We are in a strangely interesting time, no doubt. Different predictions, assumptions have been suggested as the effects and aftermath of the Covid-19 on the world. The family, as an institution, is not spared from some of these. These include a closer- or closely-knit family life, another baby boom era, higher rate of divorce, increase in marital/spousal abuse, more child delinquencies and even death in the family.
Objective of the Discuss
To enlighten and remind families of how to safeguard their relationships from adverse effects of the Pandemic.
The Pandemic & The Real Problem
The Coronavirus erupting in Wuhan, China did not stop at been a peculiar problem in China but became a global problem. In order to curtail it, it is believed that self-quarantine or lockdown in one’s home is to be in immediate effect.

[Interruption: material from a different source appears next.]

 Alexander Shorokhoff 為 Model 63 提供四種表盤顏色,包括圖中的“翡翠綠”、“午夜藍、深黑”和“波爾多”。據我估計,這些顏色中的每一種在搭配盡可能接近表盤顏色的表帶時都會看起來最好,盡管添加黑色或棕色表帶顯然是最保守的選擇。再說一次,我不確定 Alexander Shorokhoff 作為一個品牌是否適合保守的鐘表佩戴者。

However, this stirred up a long existing but unnoticed pandemic in the fabric of family and society; this is the “me-first” syndrome breeding a society of self-centered individuals, even in the family setting. Thus, the real problem is that many homes are already broken up into the co-habitants situation but unknown and undetected until spouses and children have to spend more time than ever with one another and the lapses are revealed.
Guiding Principles to Safeguarding Family Life
• Get the Foundation Right: God’s plan in setting up the home is for unity, and expression of intimate relationship with another person with whom one raises godly offspring when added to the family.

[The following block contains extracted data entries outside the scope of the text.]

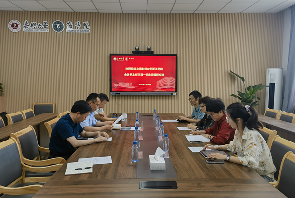 5月29日上午,上海财经大学浙江学院会计系主任王霞、会计系总支副书记许海亚、主任助理王文红、财会信息化竞赛负责人陈玉佼一行来我校商学院调研交流。我校继续教育学院副院长李郁明、商学院副院长冯磊东、会计教研室主任崔晓钟、综合管理办公室主管杨尧等参加交流座谈。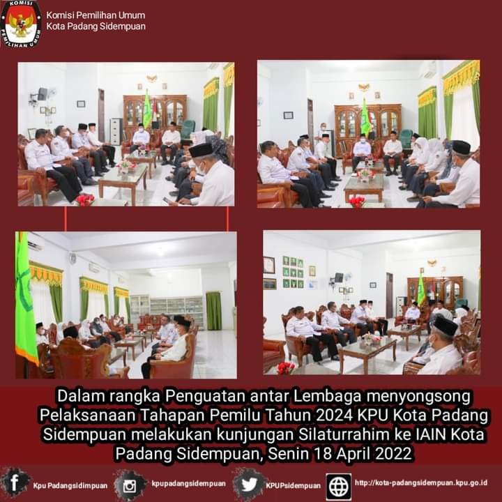 #TemanPemilih, Dalam rangka Penguatan antar Lembaga menyongsong Pelaksanaan Tahapan Penyelenggaraan Pemilihan Umum Tahun 2024 Ketua KPU Kota Padang Sidempuan Tagor Dumora Lubis bersama Komisioner Divisi Perencanaan Data dan Informasi Afwan Hasibuan, Divisi Teknis dan Penyelenggaraan Fadlyka Himmah Syahputera Harahap, Divisi Sosdiklih, Parmas dan SDM Nurhamidah Pulungan, Kasubbag Perencanaan Data dan Informasi Suryani Ramlah serta Kasubbag Teknis dan Penyelenggaraan Annur Rasyidah melakukan kunjungan Silaturrahim ke IAIN Kota Padang Sidempuan yang diterima langsung oleh Rektor IAIN Kota Padang Sidempuan Dr. H. Muhammad Darwis Dasopang, M. A, didampingi oleh Wakil Rektor I Bidang Akademik dan Pengembangan Lembaga, Dr. Erawadi, M. Ag, Wakil Rektor III Bidang Kemahasiswaan Alumni dan Kerjasama, Dr. Ikhwanuddin, M. Ag, Kepala Sub Kordinator pada Sub Bagian Humas dan Informasi, Ratonggi Hasibuan, M. A, pengelola administrasi Subbag Humas dan Informasi pada bagian umum dan informasi, Subroto, S. Pd, Dalam pertemuan ini ada 2 poin yang akan ditindak lanjuti nantinya yang diawali penanda tanganan MOU antara KPU Kota Padang Sidempuan dan IAIN Kota Padang Sidempuan. Yang pertama melakukan Sosialisasi terkait pendaftaran sebagai pemilih melalui aplikasi Sidarlih bagi seluruh Dosen dan Mahasiswa di lingkungan IAIN Kota Padang Sidempuan. Yang kedua Sosialisasi Seputar Pemilu dan Pemilihan Serentak Tahun 2024, Senin 18 April 2022.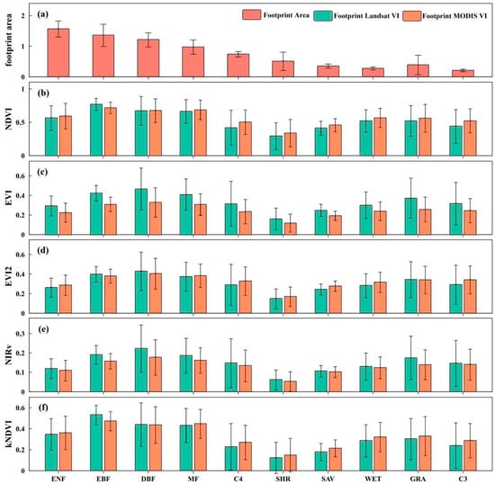 The grouping error bars are (a) the footprint area distribution of different vegetation types, and (b–f) the average values (±standard error) of NDVI, EVI, EVI2, NIRv and kNDVI of Landsat and MODIS data in the flux footprint of each vegetation type. The height of each column represents the average value, and the error column represents the standard error of the average value.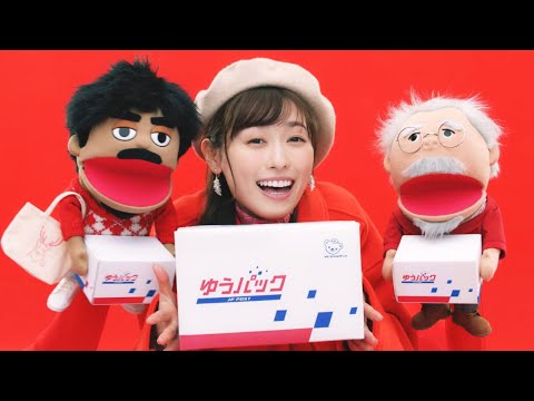 ニットセーター姿の福原さんが、パペットの“おじいちゃん”と“パパ”をテンポ良く登場させながら、クリスマスの定番曲「We Wish You a Merry Christmas」のメロディーにのせ、ゆうパックの便利さを楽しく歌う。終盤には、赤いコートと可愛らしいベレー帽のクリスマスシーズンにぴったりなお出かけスタイルになった福原さんも登場する。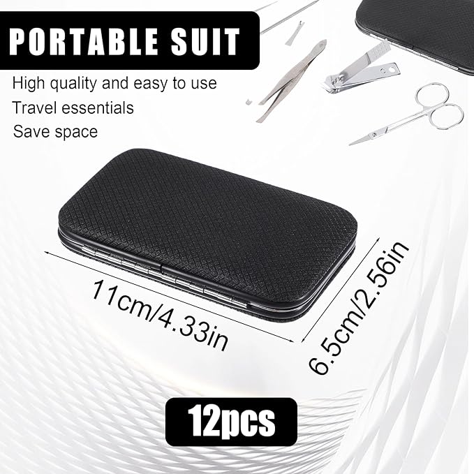 - Professional Stainless Steel Set:12-piece nail clipper set (11x6.5cm) with 8 multi-purpose tools.stainless steel ensures durability for manicure, pedicure and cuticle care. Black PVC case prevents tool corrosion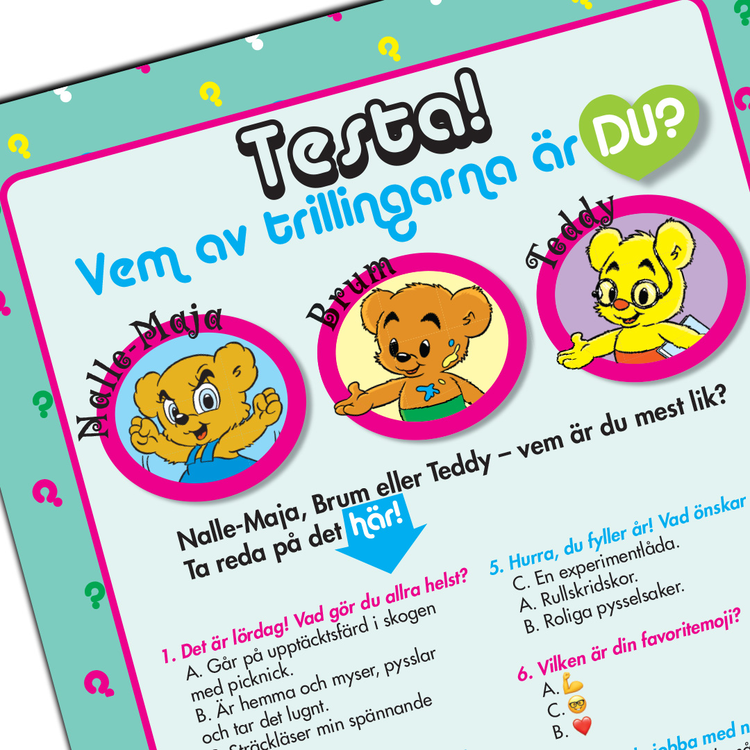 I Nalle-Maja magasinet hittar du såklart serier om Nalle-Maja, hennes familj och hennes kompisar. Men du hittar även roliga reportage, smarta tips, frågequiz, pyssel och Nalle-Majas dagbok.

• Work on motivations for each member of the family: men thrive when respected, women when loved and children when understood and shown example (Eph 5:23; 25; 6:4)
• Safeguarding is something that begins right from the beginning of the relationship, ever before a pandemic or any crisis whatsoever. Thus, commitment must drive the relationship to growth as it changes while the relationship continues to change as it grows. i
• Achieving spiritual intimacy is crucial to a secure family life. This is defined as the joyful union experienced when two people learn to relate to God and see Him work in their lives in a very practical and specific ways. It is something transcending social, sexual or mutual aspect of the marital life.

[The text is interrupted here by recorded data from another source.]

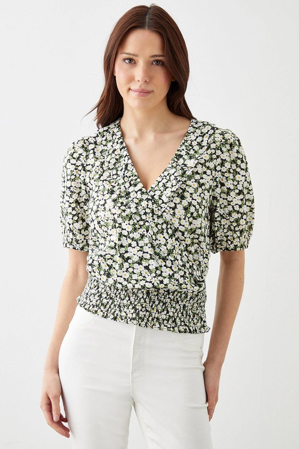 Cami or blouse? Shirt or bodysuit? Whatever you’re after, our women’s tops have you covered for every event in the social calendar. From casual fits to elevated styles for special occasions, we make it easy to nail the ‘jeans and a nice top’ look. Think puff sleeves, pretty prints, wrap silhouettes and so much more. Style: Ditsy Wrap Ruffle Neck Shirred Hem Blouse. Ideal for: Daywear. Design: Shirred. Model wears size UK 10 and is 5′ 9″ tall. Make-up & Fragrance: Primer (Estée Lauder, The Mattifier Shine Control Perfecting Primer + Finisher), Foundation (Lancôme, Teint Miracle Luminous Satin Foundation), Mascara (Estée Lauder, Double Wear Zero-Smudge Lengthening Mascara), Blusher (Benefit, Wanderful World Blushes Starlaa Rosy Bronze Powder Blusher), Setting Spray (Benefit, Porefessional Super Setter Setting Spray Mini 30ml), Fragrance (Elie Saab, Elixir).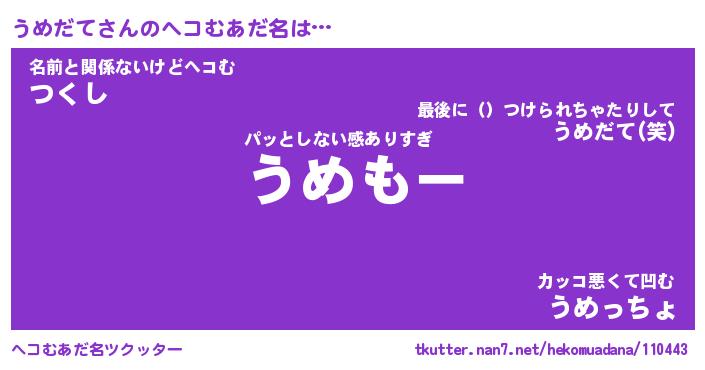 | 意味不明あだ名 | 『ペロリンうめだて』『永久保存うめだて』 |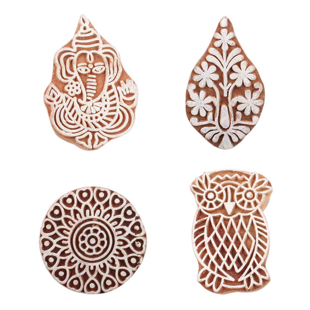 Set of 4 Piece New Mix Wooden Printing Block. Ideal for use on Fabric, Paper, Canvas, etc. These Blocks can be use to Print with Oil Colors, Fabric Colors, Water Colors, Acrylic Colors and Vegetable Colors.

Practical Guide to Safeguarding Family Life
• Devotional Life: The family should intentionally create time for this. It is time well and wisely invested.
• Timely Conflict Resolution: In as much as couples are human beings, offense abounds, but the ability to employ a timely conflict solution will safe the marriage a great deal of heart and headaches.
• Family in Ministry: there are many things that families can do together in the name of the Lord to minister or serve the community where God has placed them.
• Create Time for Recreation: families should have time to unwind together and have fun. It builds mutuality and various other life’s lessons are taught and learned during such.
• Sexual intimacy for the couple: sexual activity is part of the package of marriage and it is never an option at any point or made a privilege.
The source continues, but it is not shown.